By Gavin Mortimer
THERE’LL BE a new face in the Top 14 next season, captained by an old face , and an English one at that. Former Bristol flanker Joe El-Abd joined Oyonnax last summer after three seasons with Toulon, a stint on the Cote d’Azur that had him sharing a dressing room with some of the greats of the game: Jonny Wilkinson, Sonny Bill Williams, George Smith and Tana Umaga to name but a few.
In swapping Toulon for Oyonnax the 33-year-old went from riches to rags. That’s no disrespect to the club that nestles in a valley 20 miles west of Geneva, but with a population of just 23,000 Oyonnax (the ‘x’ is silent) is – as far as El-Abd knows – the smallest town ever to boast a Top 14 team. “Our total budget for this season was €5.5m, which was about the seventh biggest in the Pro2,” explains El-Abd, who lives in the town with his wife and two small children.
It was their wish to continue living in France that led El-Abd to choose Oyonnax over a couple of offers from clubs back home last summer. “I didn’t know much about the club when they first contacted my agent,” admits El-Abd, who grew up in Brighton and preferred football to rugby until he arrived at Bath University. “But when I met the club president and the coach, Christophe Urios, it was a done deal almost immediately.”
El-Abd didn’t come to Oyonnax as captain but a couple of pre-season training camps convinced Urios that the Englishman with the Egyptian father was the man to lead the club for the 2012-13 season.
“We started the season as one of the outsiders,” says El Abd, who like the majority of the Oyonnax squad has never had a sniff of an international cap. Just down from the road from Oyonnax is Lyon, a side full of stars, including former French captain Lionel Nallet and rugby celebrity Sebastien Chabal.
But while Lyon’s attempt to return to the Top 14 soon hit the buffers, Oyonnax just kept winning and winning.
El-Abd puts their success down to canny recruitment on the part of the club. “They were very shrewd in picking up players who hadn’t quite made it at other bigger clubs,” explains El-Abd. “So they all had something to prove, particularly the French players who were overlooked elsewhere.”
Arguably no one had more to prove than fly-half Benjamin Urdapilleta, the Argentine who spent his two seasons at Harlequins warming the bench but rarely getting a run out ahead of Nick Evans and Rory Clegg. Urdapilleta arrived at Oyonnax in the summer and has been the catalyst for so much of the club’s impressive displays (they’ve lost just four of their 27 games in Pro2). In scoring 207 points, the South American has also formed an excellent understanding with scrum-half Julien Audy, who left Bayonne following the arrival of Mike Phillips.

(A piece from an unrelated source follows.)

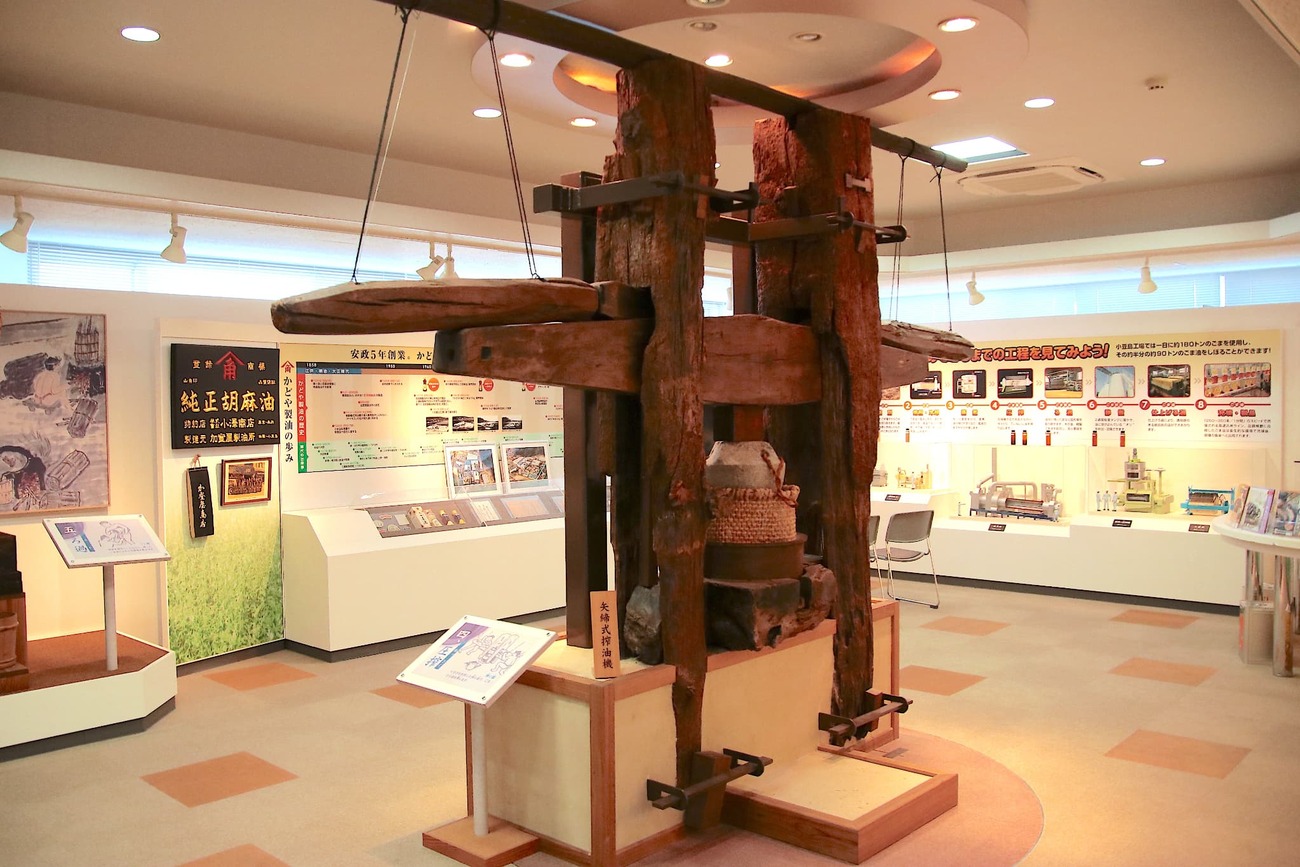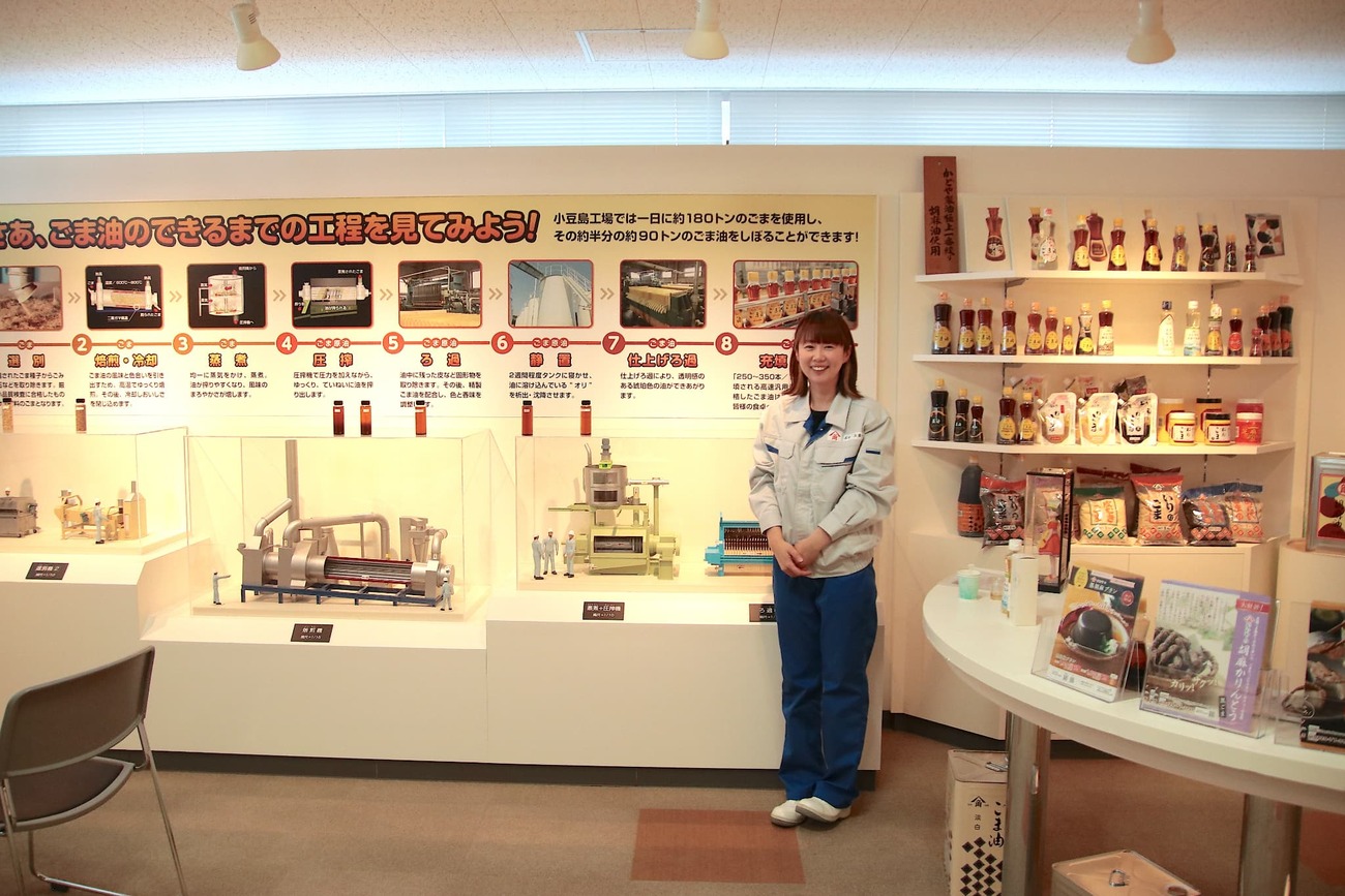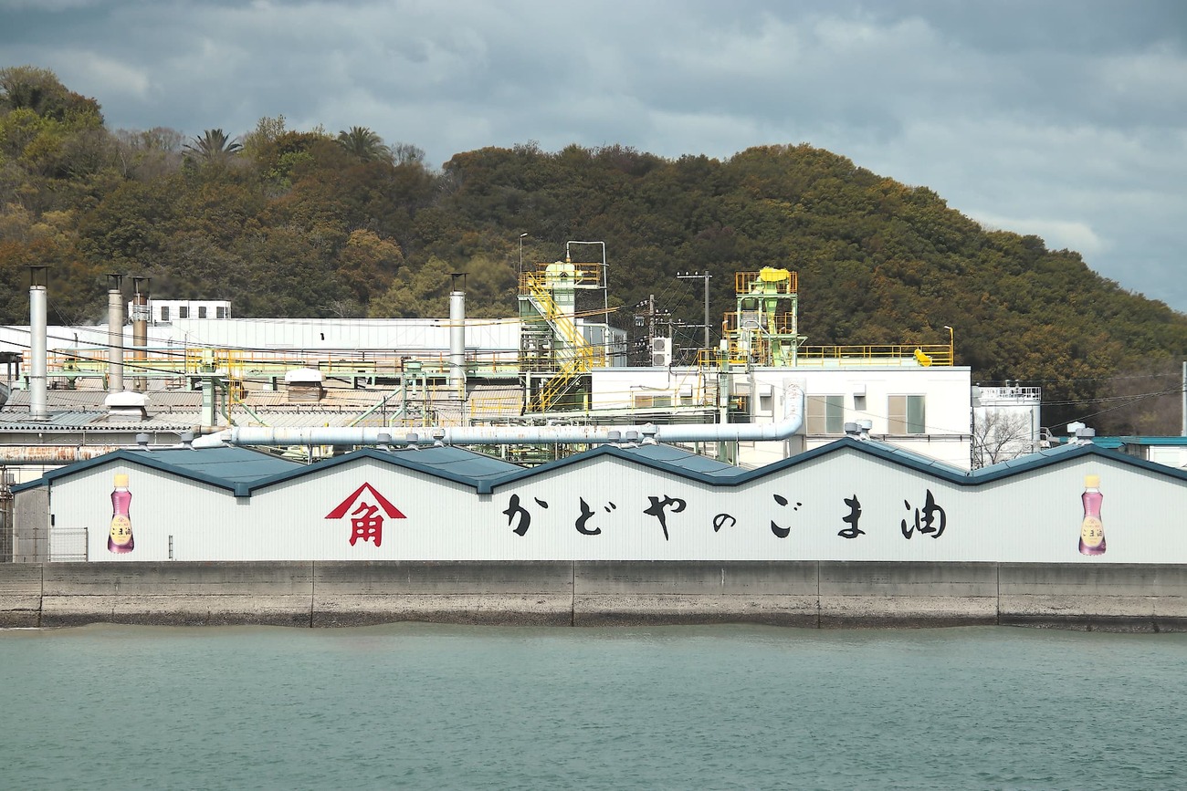 全国シェアNo.1を誇る「かどや製油」。その長い歴史の原点は、実はここ小豆島にあります。土庄港に降り立つと、潮風に混じってふわりと漂う香ばしいごま油の香り。まさに“ごま油の島”の入口に立ったことを実感します。工場に併設された資料館「今昔館」では、創業から150年以上にわたる歩みや、ごま油の製造工程を映像や展示でわかりやすく紹介。見学ツアー(要予約)では、ごまの香りを比べながら楽しむテイスティング体験もできます。ここで初めて知る人も多いのが、ごま油の製法プロセス。ごまを焙煎して搾る「圧搾法」は、昔ながらの製法で、時間がかかりますが、香ばしさとまろやかさを最大限に引き出せるのが特徴です。小豆島の工場ひとつで、家庭用ごま油の需要をまかなえるのは驚きです。なお、かどや製油は島とともに発展してきた企業として、近年は「ごまのみらい小豆島プロジェクト」を始動。国内ではほとんど姿を消した国産ごまの栽培を復活させる取り組みを進めています。見学ではスタッフとの会話を通じて、地域とごま油づくりの深い絆を感じられるのも魅力。見学後には、直販価格で定番のごま油に加えて、ごまらー油など珍しい商品も購入可能。誰もが馴染みのあるごま油ですが、ここでしか味わえない奥深さに出会う体験が待っています。
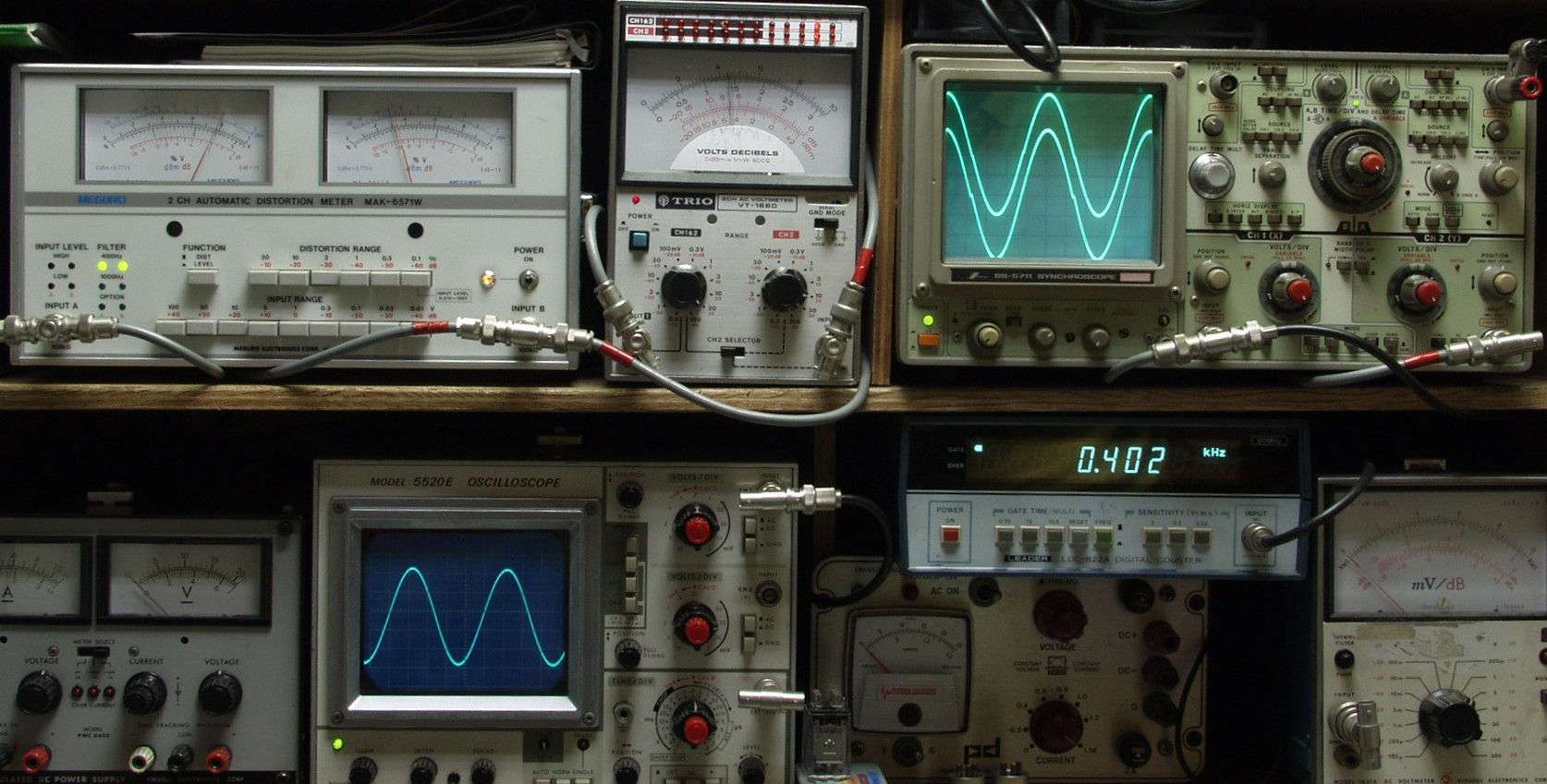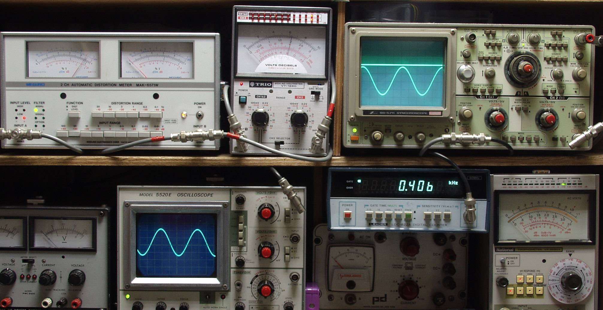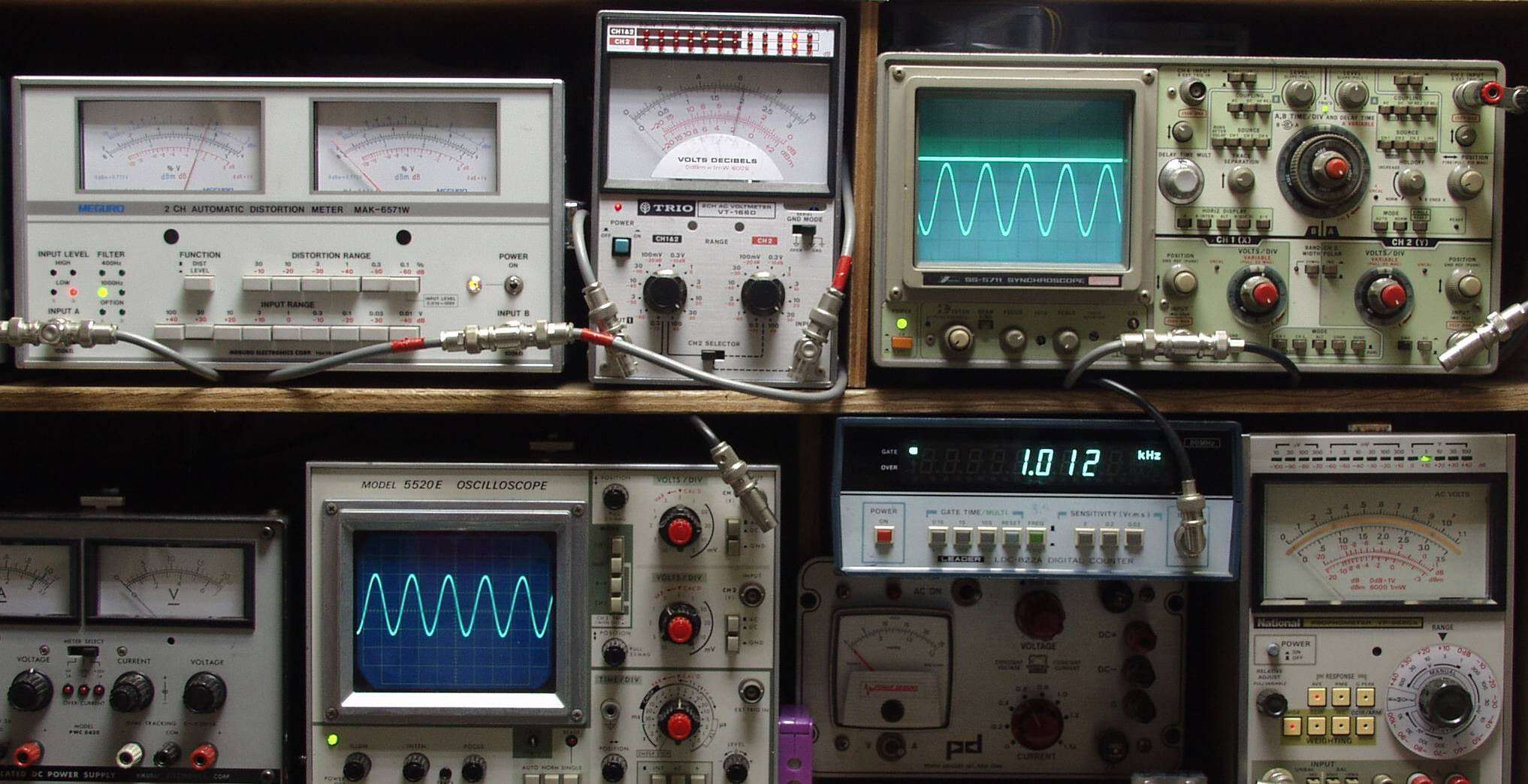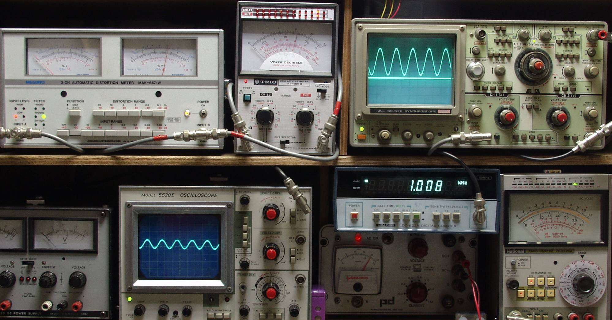 下左オーディオ発振器より400HZ・1KHZの信号を出す(歪み率=約0.003%)。

For the moment, says El-Abd, Oyonnax are still revelling in the sensation of being crowned Pro2 champions three weeks before the last game of the season. Next month they’ll turn their attention to the Top 14. “Obviously it’s going to be very tough,” concedes El-Abd. “If we had one of the smaller budgets in the Pro2 then we’ll definitely have the smallest in the Top 14 but we’ll do the best with what we’ve got. We’re a team of hard workers, we’ve got a tremendous spirit and there are some very talented players here.”
If one considers that Clermont’s total budget for this season is €35m then the size of the task facing Oyonnax is evident. But the club is at least situated in what the French call ‘Plastics Valley’, a wealthy industrial area with many big, flourishing businesses. “I think the president will speak to the businesses and ask if they’ll be able to give us any more,” says El-Abd. “And we’ll also target certain players in our recruitment who we think will fit in well.”
El-Abd is delighted at the prospect of a return to the Top 14. He admits that in moving to Oyonnax his career was beginning to wind down but thanks in no small part to his captaincy, and his powerful performances in the back-row, he’ll be leading Oyonnax into the Top 14 for their first time in their history. And for many of the squad it will be their first taste of the big-time too, but not for El-Abd. “It’s going to be a great challenge,” he declares. “And there’ll be no pressure on us.”